British colonial administrator (1895–1969)

James David Maxwell Smith (25 January 1895 – 5 March 1969) was a British colonial administrator who was the Financial Secretary of Singapore from 1947 to 1951.

== Early life and education ==
Smith was born in Scotland on 25 January 1895, the son of James Smith, a clergyman. He was educated at Robert Gordon’s College, Aberdeen and University of Aberdeen where he received his MA in 1920. He served in the First World War in the Army and Royal Marines from 1914 until 1919.

== Career ==
Smith joined the Malay Civil Service in 1920 as a cadet and served in various posts in almost all parts of Malaya. In 1937, he was appointed Assistant Treasurer, Federated Malay States and State Treasurer of Selangor. In 1941, he served as Deputy Financial Secretary of the Straits Settlements while also holding the position of chairman of the War Insurance Board. In 1940, he was appointed Financial Commissioner to Johore. During the Second World War he was interned by the Japanese.

In 1947, he was appointed Financial Secretary of Singapore, serving in office until 1951. He prepared and presented to the Legislative Council for approval each year the budget of the colony. He was credited with the successful linkage of the financial operations of Malaya and Singapore when it was believed such coordination between the governments on economic and financial policies was essential to both their future development. He established the Joint Finance Committee and the Malayan Board of Income Tax. He was instrumental in returning financial stability to Singapore in the post-War period with one member stating in a tribute on his last day in the Legislative Council: "It is due to Mr. Smith's Aberdonial sagacity that our finances are in such a healthy state as to make us the envy of our neighbours". In 1950, he served as acting Colonial Secretary.

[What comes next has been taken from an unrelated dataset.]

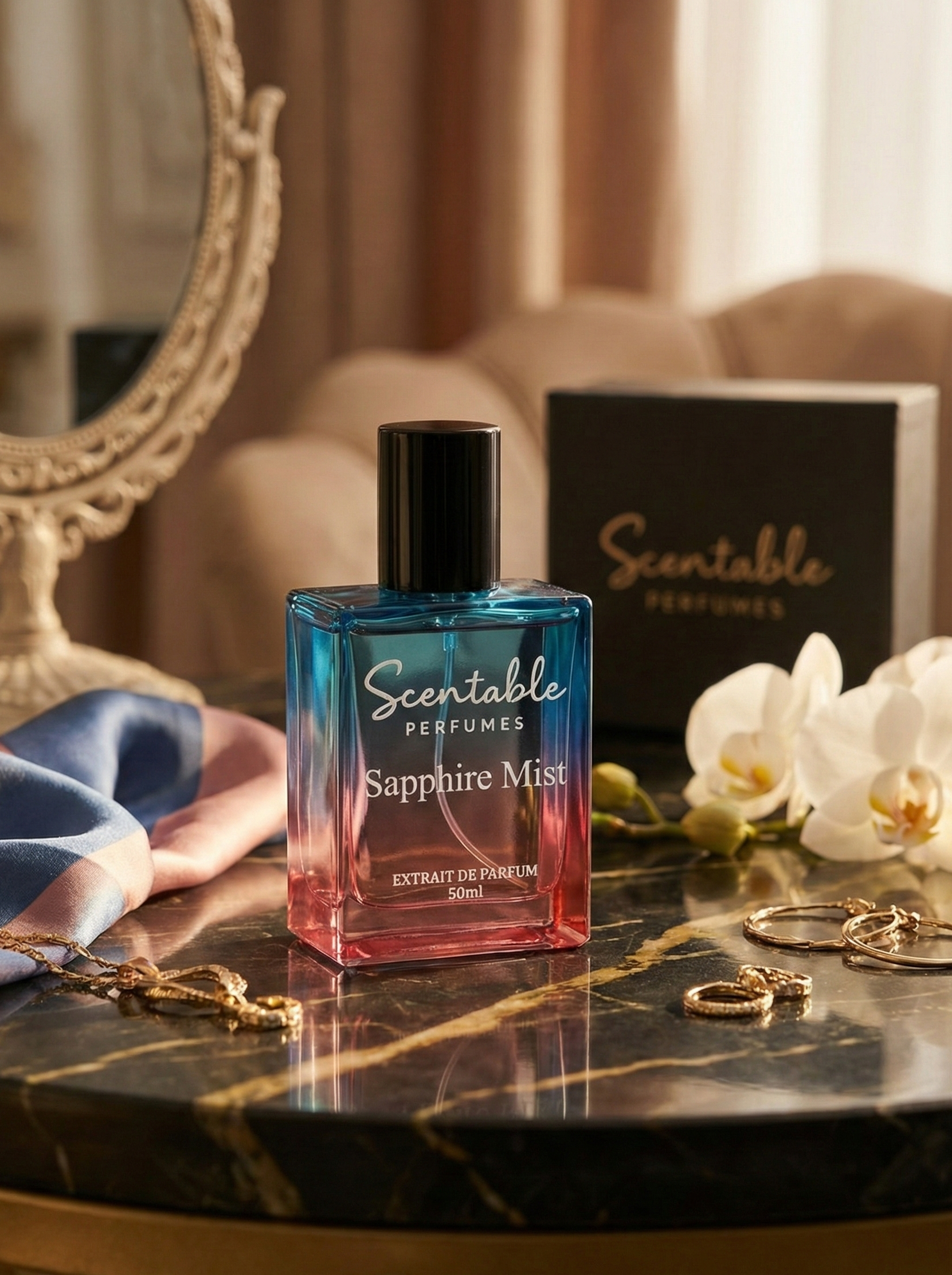 Sapphire Mist Extrait de Parfum 50ml by Scentable Perfumes – A vibrant, enchanting blend of fresh florals, juicy fruits, and warm woods for the modern woman.
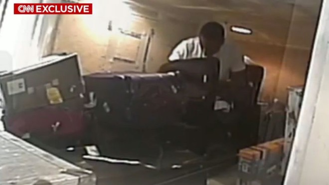 Camera bí mật ghi lại cảnh nhân viên tại sân bay quốc tế Miami ở Mỹ lấy trộm đồ đạc của hành khách. Ảnh: CNN

He left office in 1951 upon reaching the retirement age of 55.

After leaving Malaya, Smith served as Salaries Commissioner, Mauritius (1951), and then with the U.N. Technical Assistance Administration in Nicaragua (1953–1955); Chile (1956–57); Brazil (1957–58), and Venezuela (1959–1961).

== Personal life and death ==
Smith married Katharine Miller in 1937 and they had a son and a daughter.

Smith died on 5 March 1969.

== Honours ==
Smith was appointed Companion of the Order of St Michael and St George (CMG) in the 1949 New Year Honours.